[Your goal] Among the entries below, copy only the span from the line containing "Geschlossene Geländer: Geschlossene" through the line containing "Câu 7. Cuộc". Do so exactly, and skip the pictures.

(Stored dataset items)
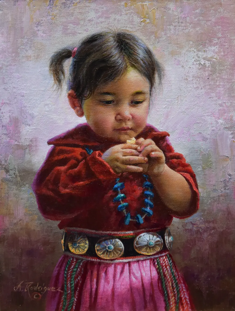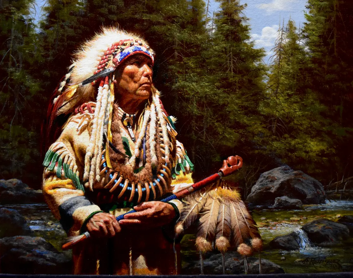 Available Native American Paintings "She Stands In Beauty" Oil on Linen 30” x 24”$14,500 "Chief With Eagle Claw Pipe" Oil on Linen. 14” x 18”$9,500 "Navajo Cookie" Oil on linen/panel 12” x 9”$4,500 “NAVAJO KIDS” Oil on Linen 16” x 12"Price $5,800 This painting will be available for sale at the “Night of Artists” Art Show at the Briscoe Museum, San Antonio Texas, the last week of March, 2025. “COUNTING HER BLESSINGS” Oil on Linen 12” x 9"Price $4,500 ”HOLDING THE EAGLE CLAW PIPE” Oil 24” x 30"Price $14,500 "Surrounded by Silence" Oil 40” x 30"Price $24,000 Please write to Alfredo Rodriguez for new images and information about the paintings for upcoming shows. Also follow me at Thank you Alfredo
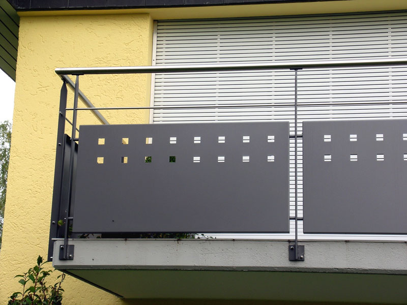 Geschlossene Geländer: Geschlossene oder halbtransparente Geländer bieten zusätzlich Diskretion und Sichtschutz. Dank unseren Möglichkeiten in der Blechverarbeitung stehen Ihnen viele Gestaltungsmöglichen offen.
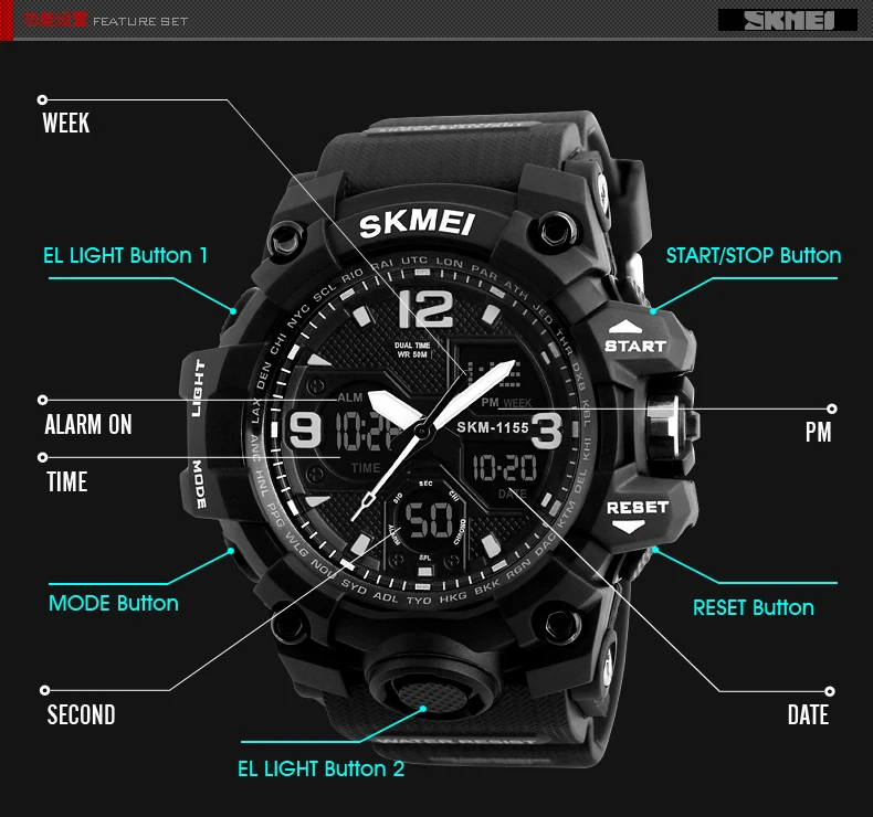 Feature:Alarm,Back Light,Water Resistant,Multiple Time Zone,Chronograph,Shock Resistant,Stop Watch,Complete Calendar,Auto Date,LED display
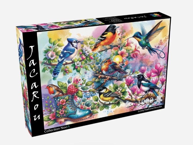 Laissez-vous émerveiller par l’éclat et la poésie de ce casse-tête de 1000 pièces, intitulé Lovely Feathered Beauties (Beautés à plumes), issu de la Collection Nova de Jacarou. Cette œuvre vibrante et détaillée est un véritable hommage à la nature et à la diversité des oiseaux colorés.Un spectacle de couleurs et de grâce
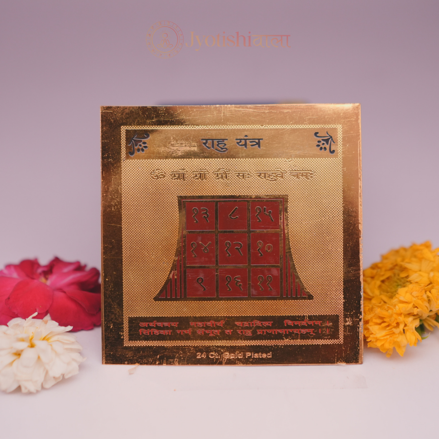 The Rahu Yantra is a powerful Vedic tool used to pacify the malefic effects of Rahu, the shadow planet known for causing confusion, illusions, delays, and karmic challenges. This sacred geometric diagram helps in neutralizing Rahu Dosha, promoting mental clarity, focus, and emotional stability. It is especially beneficial for those facing sudden ups and downs, legal issues, mental stress, or spiritual blockages. When energized and worshipped with devotion, the Rahu Yantra brings protection, inner strength, and karmic balance.
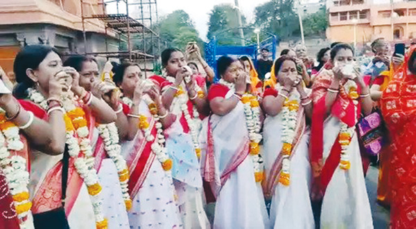 रामघाट पर ध्वज पूजन, शंखनाद के साथ नववर्ष का स्वागत
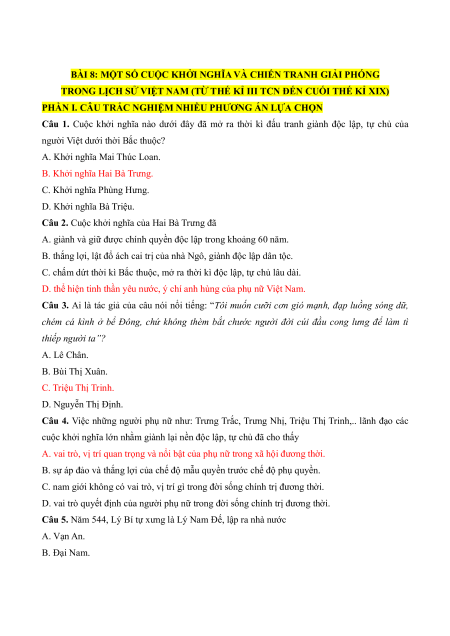 Câu 7. Cuộc khởi nghĩa Hai Bà Trưng (40 - 43) và khởi nghĩa Lý Bí (542 - 603) đều
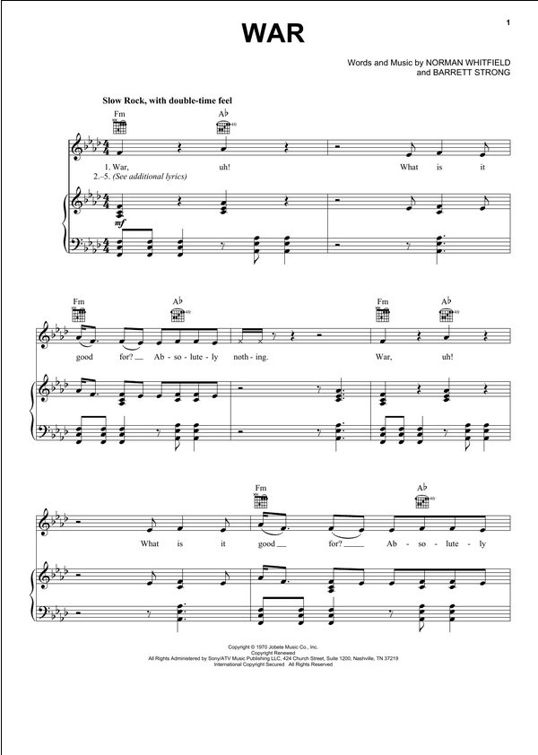 Da muß man aufpassen. Die Schulweisheit, daß Moll traurig und Dur fröhlich sei, ist mit großer Vorsicht zu genießen, und erst recht, wenn der Song einen bluesigen-erdigen Charakter hat. Die andere Schulweisheit, daß Blues-Songs langsame, traurige Lieder der unterdrückten und versklavten Schwarzen seien, ist auch ziemlicher Unsinn. Für mich hat der Song von musikalischer Seite absoluten party- und tanzcharakter. Der Refrain: "What is it good for? Absolutely nothing!" hat Mitgröhlcharakter, und deshalb ist der Song in der Zeit des Vietnamkrieges und der amerikanischen Antikriegsbewegung in den 70ern berühmt geworden.Weiterhin aufgefallen ist mir, dass das Lied im Moll verfasst wurde, wahrscheinlich um auf die Nachricht des Liedes, nämlich das
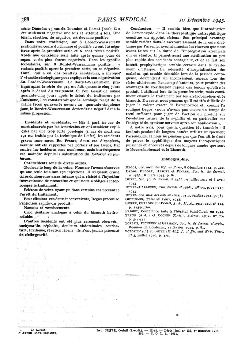 1945, n° 129, partie médicale. -
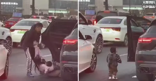 當街大暴走!夫強拖妻兒「丟包快車道」,人妻爬回駕駛座獨留幼童哭嚎,驚悚10秒畫面曝光:路人都怒了
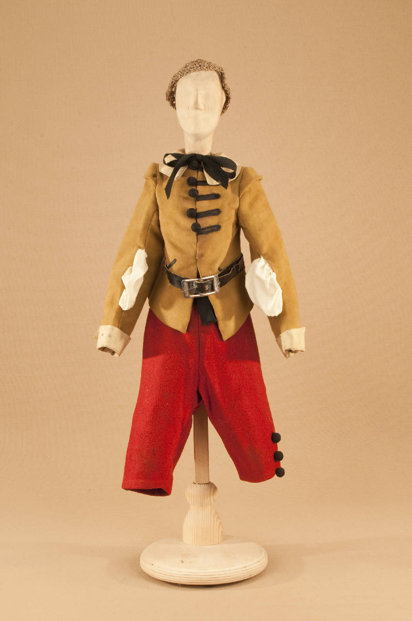 - NOTIZIE STORICO CRITICHE Il costume, che si completa con una finta camicia senza maniche, è stato confezionato nel 1935 per le riprese cinematografiche del film "I quattro Moschettieri"; in seguito il costume è stato usato per il personaggio di Stefanello nello spettacolo "Il gatto con gli stivali", fiaba con struttura di operetta messa in scena nel 1911 da Carlo II Colla per la Compagnia Carlo Colla e Figli. Il manoscritto proviene dalla Compagnia Lupi che agiva al Teatro Gianduia di Torino: lo attesta una dicitura riportata sul retro della copertina. L¿edizione marionettistica della Compagnia Carlo Colla presenta nella forma della féerie (parti recitate alternate alle parti cantate e alle parti musicate) la celebre fiaba di Charles Perrault. La messa in scena risente del gusto dell'epoca verista dell'operetta e ricalca con notevole perizia i temi della nostra tradizione popolare. La musica del maestro Felice Camesasca sottolinea lo spettacolo in modo sovente ironico e sorprendente; le scene sono dello scenografo Achille Lualdi (1869-anni ¿50).\nIntervengono inoltre nello spettacolo, intuizioni culturali come il richiamo al mondo degli animali di La Fontane nel gioco teatrale del capovolgimento fra animale ed essere umano.\n"Il gatto con gli stivali" è una delle prime fiabe ad entrare nel repertorio della Compagnia Carlo Colla e Figli.\nNegli anni ¿20 alcuni costumi vengono sostituiti con abiti realizzati da Caramba. Nel 1946 viene realizzato dalla casa di produzione "Saturnia" un cortometraggio, per la regia di Mario Baffico (1907-1972). Nel 1973, in occasione delle riprese televisive prodotte dalla RAI per la trasmissione "Marionette e Burattini" con la regia di Eugenio Giacobino al Teatro Litta, Eugenio Monti Colla provvede al restauro di numerosi costumi. Nel 1987, per il riallestimento dello spettacolo al Teatro Litta, nell'ambito della collaborazione con il "CRT Artificio" (1986-1994), vengono realizzati nuovi costumi, nuove marionette e nuovi materiali di attrezzeria.
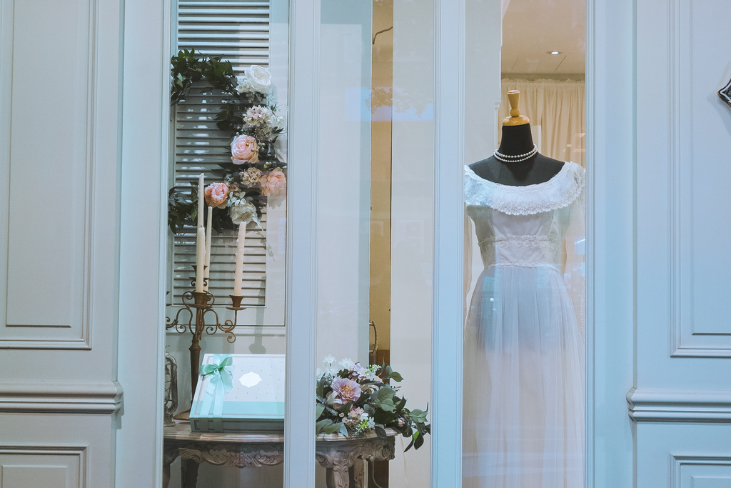 好喜歡透過玻璃窗從外往內看,婚紗服佐以花圈、花束、捧花和結婚小物等裝飾,流露出浪漫的氛圍,這次還發現禮盒除了既定湖水綠的禮盒,還多了小公主芭蕾粉色禮盒,有種甜甜的夢幻感。
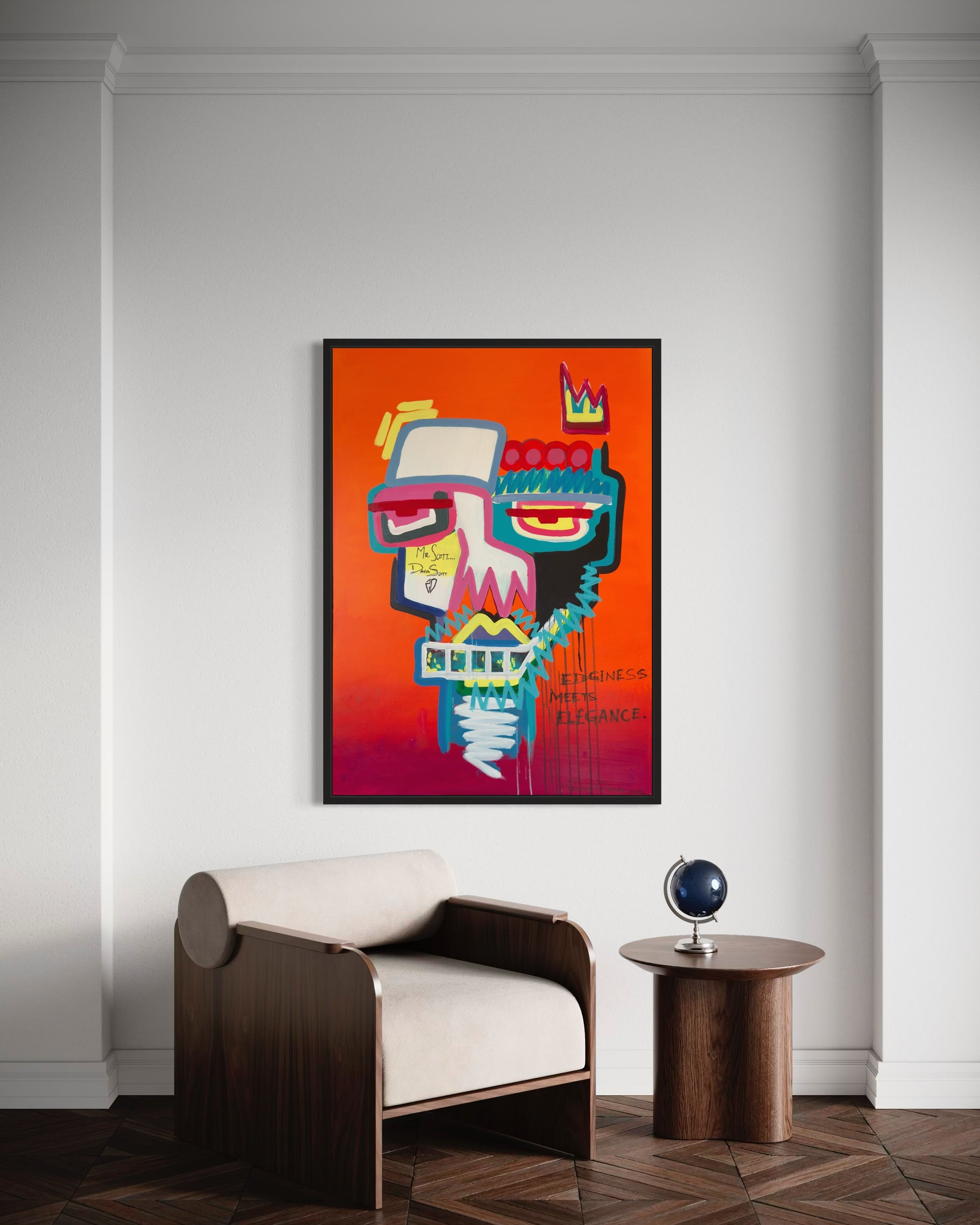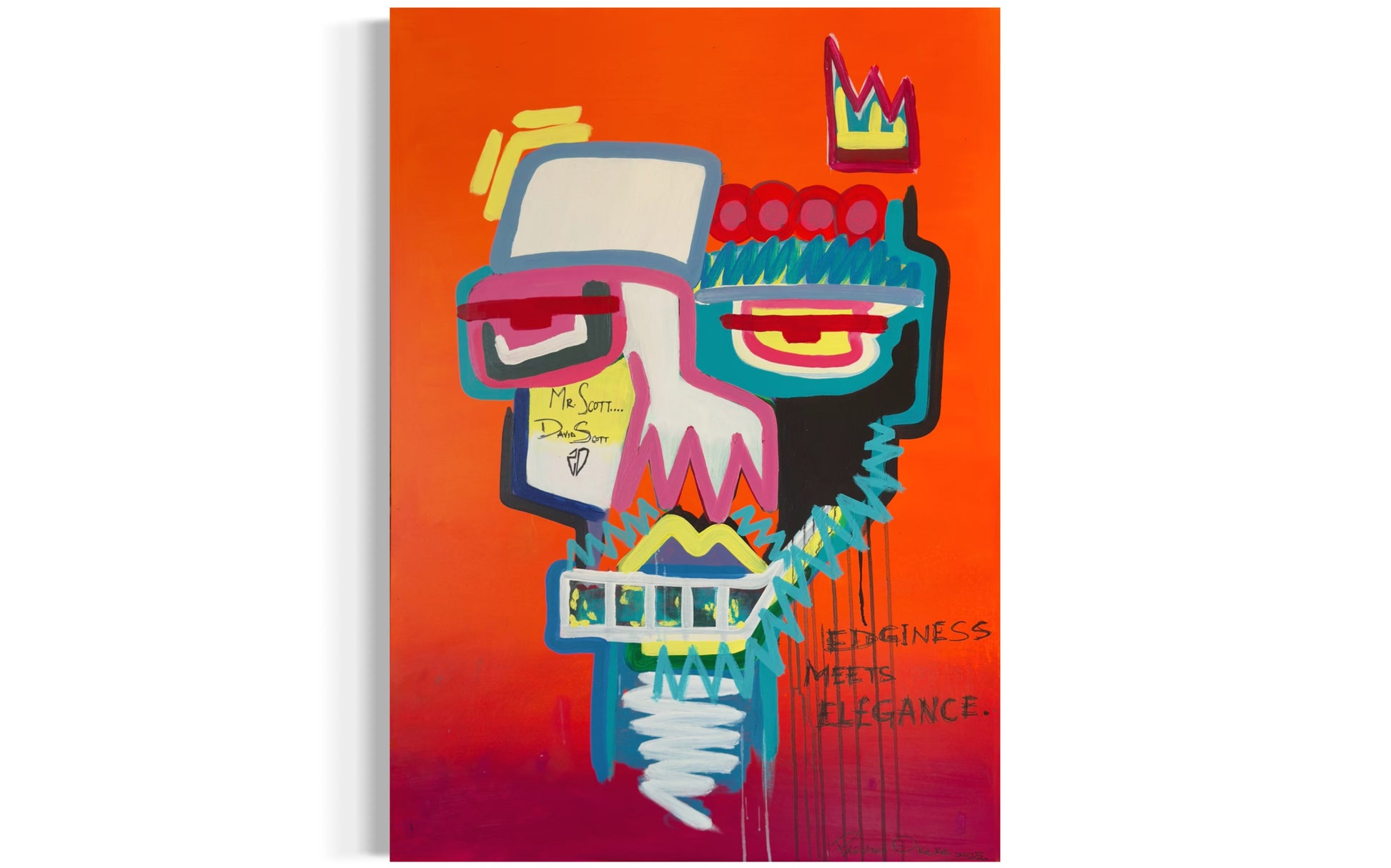 This painting feels like a bold introduction, confident, stylish, and unapologetically unique. The figure commands attention with its sharp lines and vibrant palette, like someone walking into a room knowing exactly who they are. The name scrawled on the cheek, “Mr. Scott…David Scott,” instantly brings to mind that iconic Bond swagger. It’s playful, but also deliberate. This is a man proud of his journey and ready for what’s next.

[Task response]
 Geschlossene Geländer: Geschlossene oder halbtransparente Geländer bieten zusätzlich Diskretion und Sichtschutz. Dank unseren Möglichkeiten in der Blechverarbeitung stehen Ihnen viele Gestaltungsmöglichen offen.
 Feature:Alarm,Back Light,Water Resistant,Multiple Time Zone,Chronograph,Shock Resistant,Stop Watch,Complete Calendar,Auto Date,LED display
 Laissez-vous émerveiller par l’éclat et la poésie de ce casse-tête de 1000 pièces, intitulé Lovely Feathered Beauties (Beautés à plumes), issu de la Collection Nova de Jacarou. Cette œuvre vibrante et détaillée est un véritable hommage à la nature et à la diversité des oiseaux colorés.Un spectacle de couleurs et de grâce
 The Rahu Yantra is a powerful Vedic tool used to pacify the malefic effects of Rahu, the shadow planet known for causing confusion, illusions, delays, and karmic challenges. This sacred geometric diagram helps in neutralizing Rahu Dosha, promoting mental clarity, focus, and emotional stability. It is especially beneficial for those facing sudden ups and downs, legal issues, mental stress, or spiritual blockages. When energized and worshipped with devotion, the Rahu Yantra brings protection, inner strength, and karmic balance.
 रामघाट पर ध्वज पूजन, शंखनाद के साथ नववर्ष का स्वागत
 Câu 7. Cuộc khởi nghĩa Hai Bà Trưng (40 - 43) và khởi nghĩa Lý Bí (542 - 603) đều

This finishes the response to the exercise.